Question

Solve the following differential equations: (i) \(y x^{y-1} d x+x^{y} \ln x d y=0\) (ii) \(\mathrm{ye}^{-\pi / \mathrm{y}} \mathrm{dx}-\left(\mathrm{xe}^{-\mathrm{x} / \mathrm{y}}+\mathrm{y}^{3}\right) \mathrm{dy}=0\)

Short answer

To summarize, we have solved the given differential equations: 1. For equation (i) \( y x^{y-1} dx + x^y \ln x dy = 0\), the solution is \(y \ln x = -\int \frac{y x^{y-1}}{x\ln x} dx - c\). 2. For equation (ii) \( ye^{-\pi / y}dx - (xe^{-x / y} + y^3) dy = 0\), the solution is \(xy e^{-\pi/y} - \frac{1}{4}y^4 = C\).

Step-by-step solution

Solve the first differential equation #(i) y x^{y-1} dx + x^y \ln x dy = 0.

For this equation, we will use the substitution method. Let \(v = y \ln x\).

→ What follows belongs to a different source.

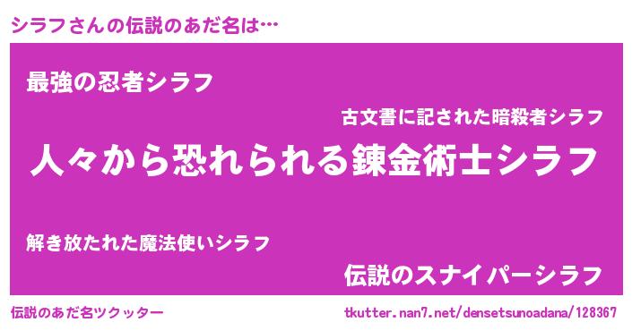 | ヒーロー風カッコイイあだ名 | 『正義の使者シラフ』『究極戦士シラフ』 |

Then, differentiate \(v\) with respect to \(x\) and use the chain rule: \(v_x = y x^{y-1}.\) Now, we can rewrite the given equation as: \(v_x dx + x^y \ln xd(v) = 0\) Divide the entire equation by \((x\ln x)\): \(\frac{v_x dx}{x\ln x} + \frac{x^y d(v)}{x^y} = 0\) \(\frac{v_x dx}{x\ln x} + d(v) = 0\) Now, integrate both terms: \(\int \frac{v_x}{x\ln x} dx = -\int d(v)\) \(-v = \int \frac{v_x}{x\ln x} dx + c\) Substitute \(v\) back into the equation: \( -y \ln x = \int \frac{y x^{y-1}}{x\ln x} dx + c\) \(y \ln x = -\int \frac{y x^{y-1}}{x\ln x} dx - c\) Now, we have solved equation (i).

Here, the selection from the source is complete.